1. 探索上下文语境(Exploiting Context)
上下文语境特征往往提供关于正确标记的强大线索——例如:标注词fly,如果知道它前面的词是“a”将使我们能够确定它是一个名词,而不是一个动词。如果前面的词是“to”显然它是一个动词。所以今天我们构造的词性分类器,它的特征检测器检查一个词出现的上下文以便决定应该分配的词性标记。特别的,前面的词被作为一个特征。
>>> def pos_features(sentence, i):
... features = {"suffix(1)": sentence[i][-1:],
... "suffix(2)": sentence[i][-2:],
... "suffix(3)": sentence[i][-3:]}
... if i == 0:
... features["prev-word"] = "<START>"
... else:
... features["prev-word"] = sentence[i-1]
... return features
>>> print brown.sents()[0]
[u'The', u'Fulton', u'County', u'Grand', u'Jury', u'said', u'Friday', u'an', u'investigation', u'of', u"Atlanta's", u'recent', u'primary', u'election', u'produced', u'``', u'no', u'evidence', u"''", u'that', u'any', u'irregularities', u'took', u'place', u'.']

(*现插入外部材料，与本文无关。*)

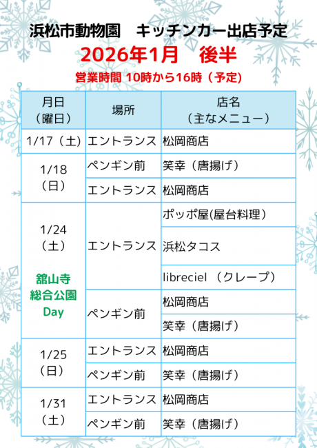 2026年1月後半のキッチンカー出店予定を掲載します。

>>> pos_features(brown.sents()[0], 8)
{'suffix(3)': u'ion', 'prev-word': u'an', 'suffix(2)': u'on', 'suffix(1)': u'n'}
>>> tagged_sents = brown.tagged_sents(categories='news')
>>> featuresets = []
>>> for tagged_sent in tagged_sents:
... untagged_sent = nltk.tag.untag(tagged_sent)
... for i, (word, tag) in enumerate(tagged_sent):
... featuresets.append( (pos_features(untagged_sent, i), tag) )
...
>>> size = int(len(featuresets) * 0.1)
>>> train_set, test_set = featuresets[size:], featuresets[:size]
>>> classifier = nltk.NaiveBayesClassifier.train(train_set)
>>> nltk.classify.accuracy(classifier, test_set)
0.7891596220785678
2. 序列分类( Sequence Classification )
(没有理解的很好,先跳过)